Evidence and confidence
| Claim | Tag | Anchor |
|---|---|---|
8 Xtensa ELF32 images, 579,380 B each, Flags 0x300, stripped | CONFIRMED | file, readelf -h all 8 |
base(id) = 0x84000000 + id·0x200000, stride 2 MiB | CONFIRMED | readelf -h/-S entry + .text addr, all 8 |
entry = base + 0xcd94 for all 8 | CONFIRMED | readelf -h e_entry, all 8 |
8 windows tile [0x84000000, 0x85000000) = 16 MiB | CONFIRMED | base table + 0xa03a0 span |
image span 0xa03a0 (≈641 KiB), headroom 0x15fc60 (≈1.37 MiB) | CONFIRMED | .bss end − .text base |
2 PT_LOAD (RWE image + RW .bss); no DYNAMIC/INTERP/RELRO | CONFIRMED | readelf -l |
10 allocated sections (.text….bss) + .comment + .shstrtab | CONFIRMED | readelf -S |
toolchain XtensaTools-14.09 clang 10.0.1 | CONFIRMED | .comment |
.ctors = sentinel + 6 ctors + NULL; .dtors = 0 real | CONFIRMED | .ctors/.dtors bytes |
identical-modulo-rebase: 12,706 byte diffs, all +N·0x20 | CONFIRMED | cmp -l cpu0↔cpu1/cpu7 |
.rodata: 1,834 word diffs, all 0x200000, 0 non-rebase | CONFIRMED | Python uint32 diff |
| string content byte-identical per section across cores | CONFIRMED | per-section printable-string set compare |
| cp310/cp311/cp312 cpu0 byte-identical | CONFIRMED | md5 across wheels |
| no cpu_id baked into any image | CONFIRMED | the zero-non-rebase diff + identical strings |
cpu_id read at runtime from MEM_WINDOW0_LO | STRONG | data_transfer.cpp:240/:171 strings; bodies absent |
| 6 ctors register ATen + op-name table | STRONG | ctor addrs + .rodata strings; bodies absent |
| op selected by FunctionId via plain table, no dispatcher | STRONG | string surface (Dispatcher symbols absent) |
SUNDA_APB_BASE numeric value | SPECULATIVE | Xtensa immediate, not in strings |
| Xtensa instruction-level behaviour (any) | NOT RECOVERABLE | no Xtensa disassembler; IDA decompiled=0 |
Hard limit (restated): the cpu{0..7}.so Xtensa code is not disassembled (total_functions=2, decompiled=0, flirt=null).
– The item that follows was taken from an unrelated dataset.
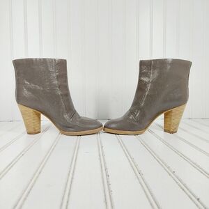 New Marc By Marc Jacobs Grey Textured Leather Block Heel Ankle Boots K135

Everything on this page is ELF structure, the cross-image byte-diff, and .rodata/.data strings. No claim here rests on a recovered Xtensa instruction sequence, and none is fabricated to look like one.
Backing analysis: D-AC06 (per-CPU link layout + multicore merge topology), D-Q04 (the bitonic SORT/TopK builtin), D-Q05 (the extended_isa::sdk custom-op CPU ABI). Cross-refs: 1.13 GPSIMD engine = Pool-engine alias; 11.3 SDK custom-op ABI; 11.2 the bitonic SORT/TopK builtin + merge tree; 11.9 two-GPSIMD reconciliation.